Cherokee Nation Tribal Councilor for the 6th district
- In office 2007 – August 2015
- Preceded by: Position established
- Succeeded by: Bryan Warner

Personal details
- Born: Janelle Echo Lattimore December 11, 1945 Sequoyah County, Oklahoma, U.S.
- Died: December 10, 2016 (aged 70) Sallisaw, Oklahoma, U.S.
- Citizenship: Cherokee Nation United States
- Children: 2
- Education: Northeastern State University

= Janelle Fullbright =

Cherokee politician and educator (1945–2016)

Janelle Echo Lattimore Fullbright (December 11, 1945 – December 10, 2016) was a Cherokee politician and educator who was a member of the Cherokee Nation Tribal Council representing District 6 from 2007 to 2015. She served as the deputy speaker from 2013 to 2015.

== Life ==
Fullbright was born on December 11, 1945, to S. Loyd Lattimore and Juanita Garvin Lattimore in the Akins/Miller Ridge Community near Akins, Oklahoma. She was a Cherokee Nation citizen. The youngest of three children, Fullbright graduated from Central High School in the early 1960s. She earned a bachelor's degree in education from Northeastern State University and later obtained two master's degree.

Fullbright was an elementary school teacher at Central Elementary. She was involved in her community as a member of the First Presbyterian Church in Sallisaw. Fullbright married Alfred Fullbright on March 26, 1964, and they had two children. In 1996, Fullbright was appointed by principal chief Joe Byrd to the Cherokee Nation gaming commission.

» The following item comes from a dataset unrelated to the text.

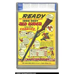 More Fun Comics #65 Mile High pedigree (DC, 1941) CGC NM 9.4 White pages. Of the many amazing books offered in Heritage's October auction, this one will certainly garner much of the attention. Bernard Baily eschewed his normal cover layouts in favor of a more ominous, personal composition. The results are startling--Bailey may have created his most classic cover with this issue. Factor in its scarcity, extremely high demand, and the Mile High pedigree, and you've got a very unique item. Perfectly clean and white, the book looks brand spanking new--we're willing to bet it's the best existing copy out there. Overstreet 2002 NM 9.4 value = $3,700. Important notice: We expect to be auctioning lots at the rate of 200-250 per hour. Sometimes eBay Premier live bid software cannot keep up with that pace, so we strongly recommend that you place a realistic proxy bid now as insurance to avoid disappointment. Also please note that all Heritage/CAA lots purchased through eBay Premier carry a 20% Buyer's Premium. Please make sure you read the Terms and Conditions.

Fullbright served on the Cherokee Nation Tribal Council for district 6 from 2007 to 2015. During this period, she was served a two-year term as deputy speaker starting on August 29, 2013. Fullbright was chair of the health committee. She supported the establishment of a dialysis center at the Redbird Smith Health Center in Sallisaw, the re-establishment of the Cherokee Nation Housing Authority, the expansion of the Cherokee Casino Roland, and the increase of the Cherokee Nation Higher Education Scholarship. Term limited, Fullbright was succeeded by Bryan Warner. In 2015, principal chief Bill John Baker awarded Fullbright the Cherokee Nation Statesman Award. The same year, he appointed her to the Cherokee Nation Business Board. In this role, she served on the audit, governance and legal and cultural committees. Fullbright died on December 10, 2016, in her home in Sallisaw.